An interest rate ‘gamble’ by the council’s finance chief has ended up costing taxpayers a staggering £2.5 million.
Tim Hannam, who is corporate director of finance and risk management, used his discretionary powers to borrow £95 million without consulting councillors.
The money is earmarked for the new MK Waste Recovery Park, due to be opened in 11 months’ time at Old Wolverton.
Mr Hannam made the decision to borrow it more than two years early, in July 2014, because he believed national interest rates would rise.
But his speculation turned out to be a king-size waste of cash after the increase simply did not happen.

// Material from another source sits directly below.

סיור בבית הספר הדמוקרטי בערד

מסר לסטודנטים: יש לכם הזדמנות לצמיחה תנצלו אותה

It means the £95 million has been sitting largely untouched in the council’s bank account.
And every month the council has been forced to make a repayment at a fixed interest rate.

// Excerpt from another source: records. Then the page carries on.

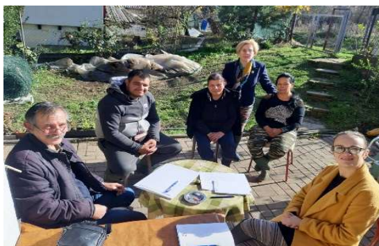
Слика 31 - Теренски активности - мониторинг посети на регантирани организации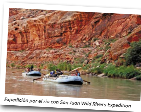
Expedición por el río con San Juan Wild Rivers Expedition

Arizona en el suroeste. Mesa Verde, ofrece la posibilidad de conocer cómo vivía el Pueblo Ancestral, los ocupantes de esta zona durante 700 años. Hoy el parque ofrece protección a casi 5.000 yacimientos arqueológicos, incluidas 600 viviendas en acantilados. Estos yacimientos son algunos de los más notables y mejor conservados de los EEUU. 87 millas (139,9 km) hasta Mesa Verde ★ Reservar una visita guiada a los famosos poblados de Cliff Palace y Balcony House, que sólo pueden visitarse formando en grupos guiados por un guarda o vigilante forestal. http://www.mesaverdervesort.com/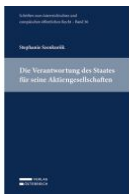
Die Verantwortung des Staates für seine Aktiengesellschaften Ladenpreis: 49,00EUR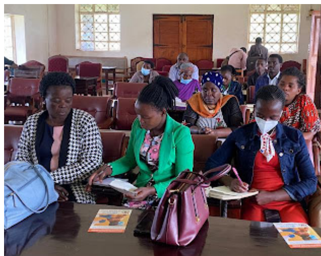
Photo de groupe avec certains des participants au niveau sous-national (district de Kabale) au siège du district lors de l'atelier au niveau du district.

Labour councillor Kevin Wilson said: “I have calculated that this early borrowing has cost the council around £2.5 million in interest.
“That is a huge sum of money to pay out in a year when this council has to cut £20 million from its budget.”
Former council leader Mr Wilson forced Mr Hannam to reveal the cost of the interest rate blunder during last week’s audit committee.
While he does not blame the finance director for his decision, he is questioning the wisdom of high-ranking officers being allowed to borrow money without consultation.
“I find it peculiar that councillors did not have to be informed,” he said.
“If the interest rates had risen, it would have been a brilliant decision. In hindsight it backfired and was a bad one.”
A council spokesman said early borrowing was “standard practice” among many local authorities.
He said: “We took the decision last year to borrow the bulk of the money, £95m, to fund our new, state of the art MK Waste Recovery Park.
“At the time we secured a fixed interest rate of 3.8 per cent, which, for a 25-year loan, is very competitive. Over that length of time interest rates could well vary significantly – and all indicators are that they will rise – so we had to balance the risk.”
The Waste Recovery Park will include an anaerobic treatment plant to cut the amount of waste sent to landfill by 95 per cent.
The council says the facility will save millions of pounds by bringing together the technologies to treat ‘black sack’ waste collected from homes all over the city.
It will be completed in January and, following rigorous testing, will be fully operational next September.